李敬颔首,道:“是这样。几日前,那位失语少年来衙门告状。”
原来,那日李敬正值修沐,但偶然发现自己随身带着的一块玉佩不见了,觉得可能是落在了衙门,便回来找。
恰好遇到王汉成匆忙往外走,神情兴奋。
他上前拜礼,王汉成随口敷衍几句就离开了,和往常不时挤兑他的样子截然不同。
李敬本就有些疑惑,又听到几个下属凑在一起小声谈论着什么,逼问下才知道方才有个长相极美的少年郎来告状。
少年不会说话,王汉成便命人把他关了起来,具体缘由也不清楚。
李敬心中疑惑,便去亲自见了少年,少年穿着一身孝服,哭着对他磕头,可却说不出话,也没有状纸一类的东西。
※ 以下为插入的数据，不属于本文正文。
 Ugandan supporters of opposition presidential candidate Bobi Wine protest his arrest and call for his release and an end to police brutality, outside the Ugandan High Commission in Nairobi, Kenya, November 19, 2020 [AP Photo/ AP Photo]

他没有足够的权力,不敢贸然放他离开,只能说自己去找王汉成问问。
可王汉成一连几日都未曾出现,李敬不忍再看孩子无助的眼神,就命人好好照顾他,自己四处打听王汉成的去向。
好不容易打听到了,他亲自去找了王汉成,对方却跟他说孩子只关了一晚上就放走了。
李敬问了御守,御守支支吾吾说不清楚,显然是被王汉成下了封口令。
他直觉不对劲,便暗地里查探,发现那少年是洛河村的人,名为海川。他正想去村里询问孩子是否平安时,就遇上了魔风过境,接着便是那几位商人船夫回城。
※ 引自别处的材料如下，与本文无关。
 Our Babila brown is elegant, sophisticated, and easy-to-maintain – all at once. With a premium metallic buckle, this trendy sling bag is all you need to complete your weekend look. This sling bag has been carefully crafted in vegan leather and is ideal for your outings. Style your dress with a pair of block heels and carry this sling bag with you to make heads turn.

鬼火屠村的消息便传了起来,王汉成下令这消息绝不可外传,但他势力再大也堵不住悠悠众口,这件事儿还是传了出去,无常都来锁了魂,之后离奇的传言便愈演愈烈。
李敬心中恐慌,便瞒着王汉成给忘川仙门发了信函,这才等来了程墨池他们。
言罢,仿佛空气都凝滞了。
程墨池沉默片刻,便低声道:“知道了。我们先带婆婆离开,你知道的这些事先别外传。”
“是。”李敬颔首拜礼。
褚师洛扶起老妇人,下意识看向程墨池。黎青和也赶忙过去扶住另一边。
老妇人年迈无力,站着都有些费劲儿,等她走到客栈,都不知道是什么时辰了。
程墨池扬眉:“看我做什么?”
“背一下。”褚师洛理所当然道。
程墨池惊讶,道:“我吗?”
他堂堂魔尊,要背一个凡人?开什么玩笑?
这三位,一位魔尊,一位皇子,一位无限流世界大佬,都是挥挥手一堆人上赶着献殷勤的主子,这种力气活儿还真是极少做。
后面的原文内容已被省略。